Restate, word for word and with no pictures, the stretch of lines in the data below that begins at the line with "Figure 5. DXA scan, March 2016" and ends at the line with "Fig. 5. The", inclusive.

-- Data listing follows --

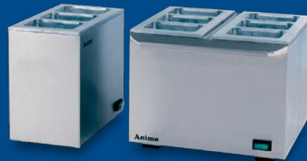
Tetra pack heater, takes three or six 1-litre cartons. Dry heating system.
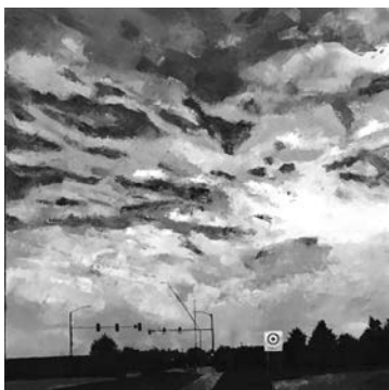
Moe Paw "Late Evening" oil (30" x 36")
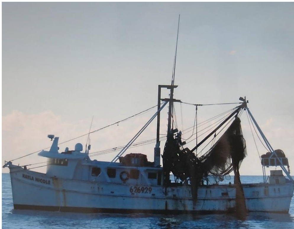
Kayla Nicole , sister vessel of Ole Betts Sea .

The 68-foot Ole Betts Sea had a fiberglass hull and was of typical design and layout for a Gulf shrimper. A wheelhouse, crew quarters, and an access down to the engine room were located above the main deck. Deck gear included a boom, outriggers, a winch, and nets for trawling. Below deck areas from forward to aft were divided into four compartments consisting of a forepeak, engine room, fish hold, and lazarette. The vessel was operated by the Trico Shrimp Company, Inc., based in Fort Myers Beach, Florida.
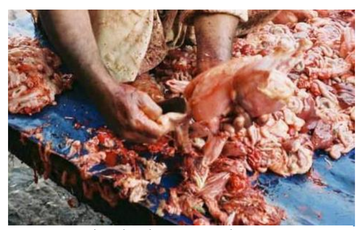
Poultry slaughtering in Peshawar city
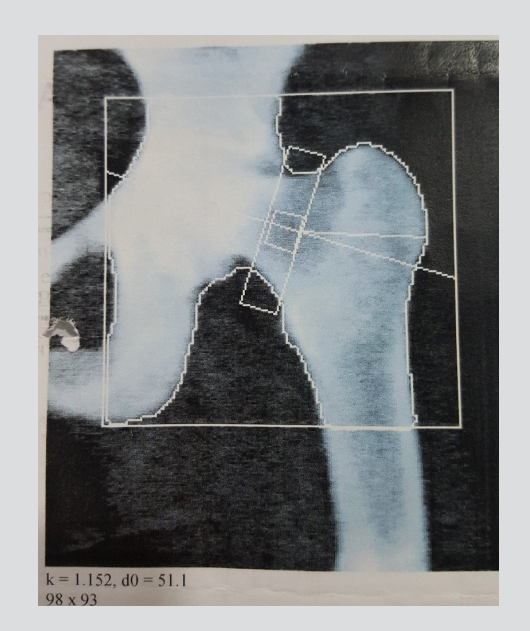
Figure 5. DXA scan, March 2016
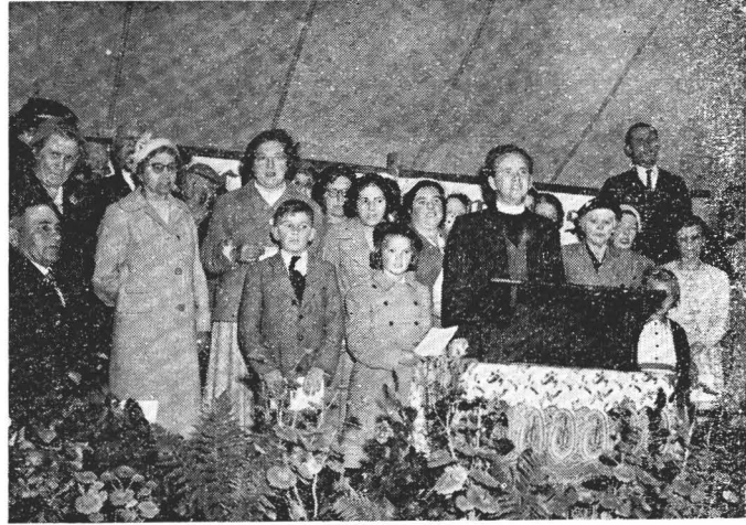
The evangelist with about forty people who testified to being healed.
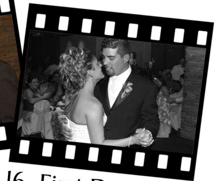
16. First Dance (Real time coverage from two angles)
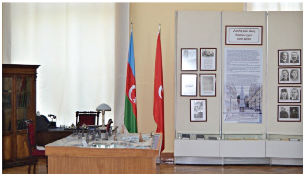
Fig. 5. The Museum of Independence (İstiqlal).

In 2016, the museum's collection was enriched with valuable materials: Feizavayar Khanum Alpsar Turan, residing in Istanbul, donated personal

-- Data listing concluded --

**Your response**
Figure 5. DXA scan, March 2016
The evangelist with about forty people who testified to being healed.
16. First Dance (Real time coverage from two angles)
Fig. 5. The Museum of Independence (İstiqlal).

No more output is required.